What you need to do
Copy out the data word for word. The images are not part of the copy.

Collected data
════════════════════

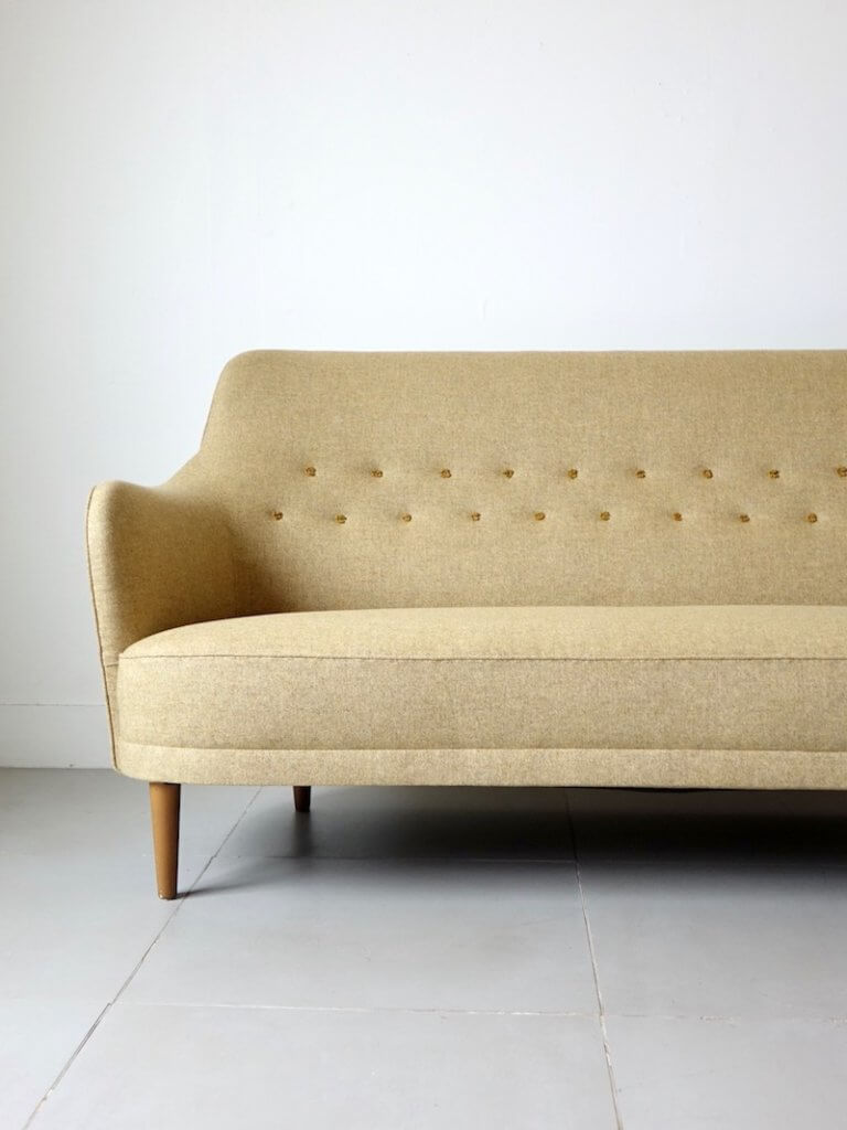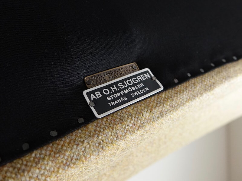 1923年にスウェーデン家具の父とも言われる巨匠Carl Malmsten(カール・マルムステン)がコンサートホール用のアームチェアをデザインしたことから始まったO.H. Sjögren Tranåsのシリーズ代表作のソファ”Samsas”。曲線に対する作家独自の世界観が随所に現れ、エレガントで美しい佇まいと共にその湾曲したフォルムはどの角度から体を預けても優しく受け止めてくれる機能性を持ちます。座面の傾斜は浅くほぼフラットな為、立ち座りがしやすく、独特な肘掛の形状は自然と腕をおろしたくなるような納まりの良さがございます。ファブリックはデンマークの老舗デニッシュアートウィーヴィングのマッシュルームカラーにて張り替え、落ち着いた印象とともにウール100%の優しい肌触りがより一層の安楽性とインテリアの雰囲気を引き立ててくれます。
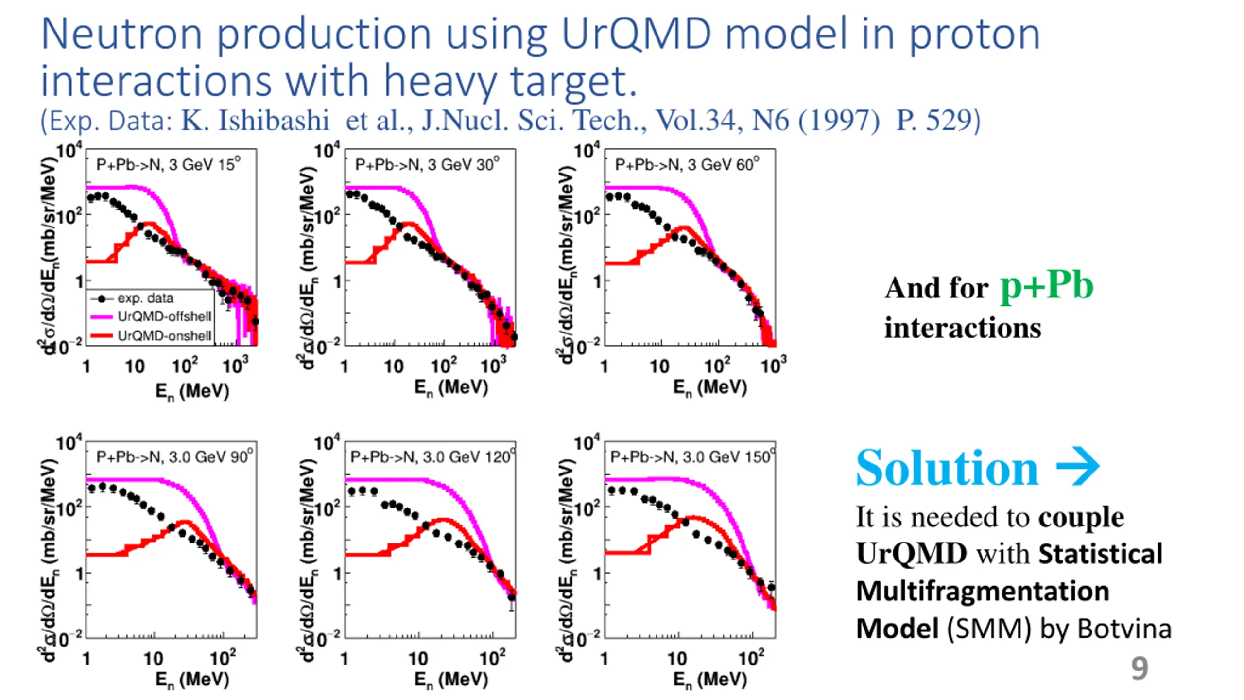 Neutron production using UrQMD model in proton interactions with heavy target. (Exp. Data: K. Ishibashi et al., J.Nucl. Sci. Tech., Vol.34, N6 (1997) P. 529) And for p+Pb interactions Solution It is needed to couple UrQMD withStatistical Multifragmentation Model (SMM) by Botvina 9
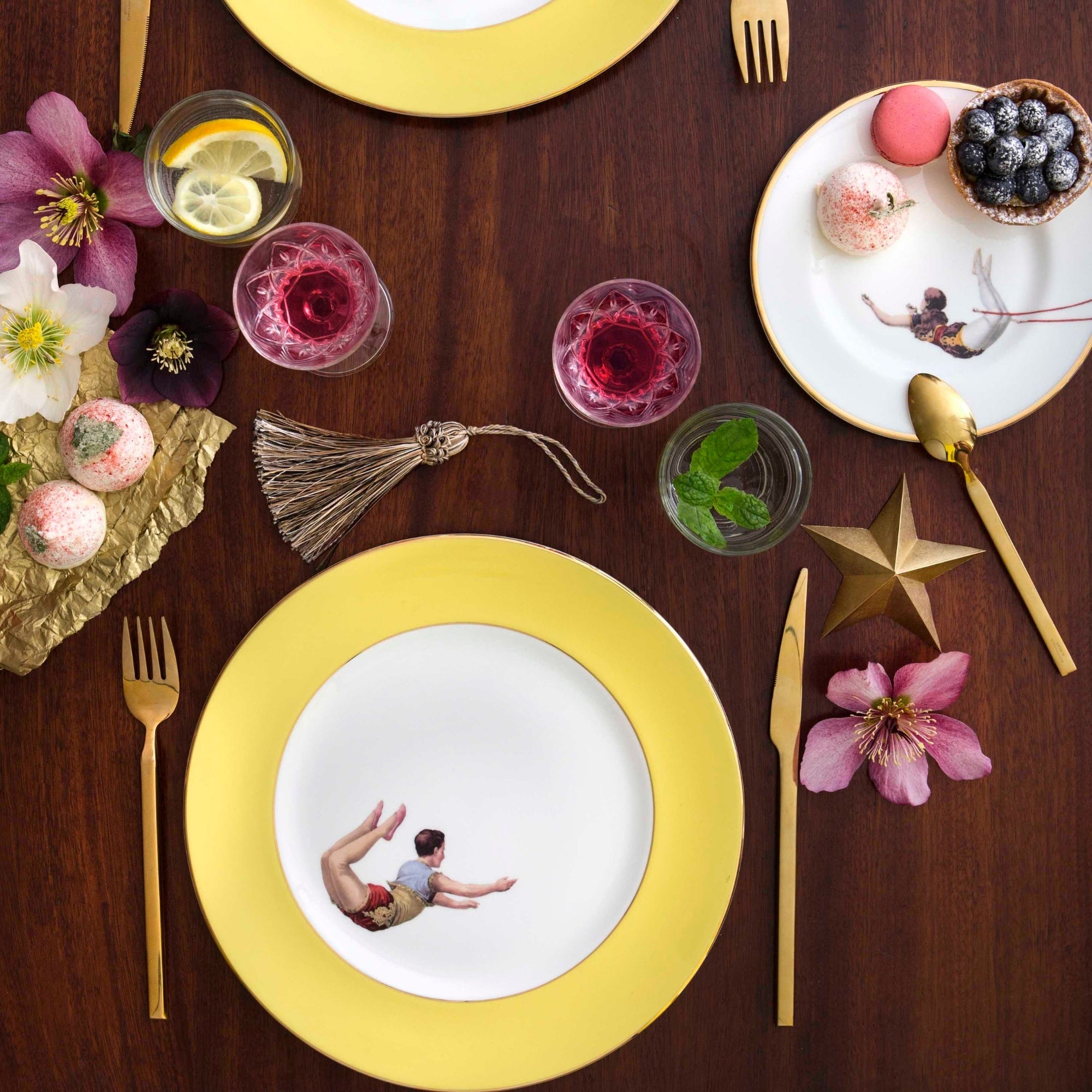 An exquisitely handcrafted fine bone china dinner plate with the circus-inspired Trapeze Boy design and bright yellow border. Features a luxurious and dishwasher friendly hand painted 22kt burnished gold gilded trim.

════════════════════

Result
 1923年にスウェーデン家具の父とも言われる巨匠Carl Malmsten(カール・マルムステン)がコンサートホール用のアームチェアをデザインしたことから始まったO.H. Sjögren Tranåsのシリーズ代表作のソファ”Samsas”。曲線に対する作家独自の世界観が随所に現れ、エレガントで美しい佇まいと共にその湾曲したフォルムはどの角度から体を預けても優しく受け止めてくれる機能性を持ちます。座面の傾斜は浅くほぼフラットな為、立ち座りがしやすく、独特な肘掛の形状は自然と腕をおろしたくなるような納まりの良さがございます。ファブリックはデンマークの老舗デニッシュアートウィーヴィングのマッシュルームカラーにて張り替え、落ち着いた印象とともにウール100%の優しい肌触りがより一層の安楽性とインテリアの雰囲気を引き立ててくれます。
 Neutron production using UrQMD model in proton interactions with heavy target. (Exp. Data: K. Ishibashi et al., J.Nucl. Sci. Tech., Vol.34, N6 (1997) P. 529) And for p+Pb interactions Solution It is needed to couple UrQMD withStatistical Multifragmentation Model (SMM) by Botvina 9
 An exquisitely handcrafted fine bone china dinner plate with the circus-inspired Trapeze Boy design and bright yellow border. Features a luxurious and dishwasher friendly hand painted 22kt burnished gold gilded trim.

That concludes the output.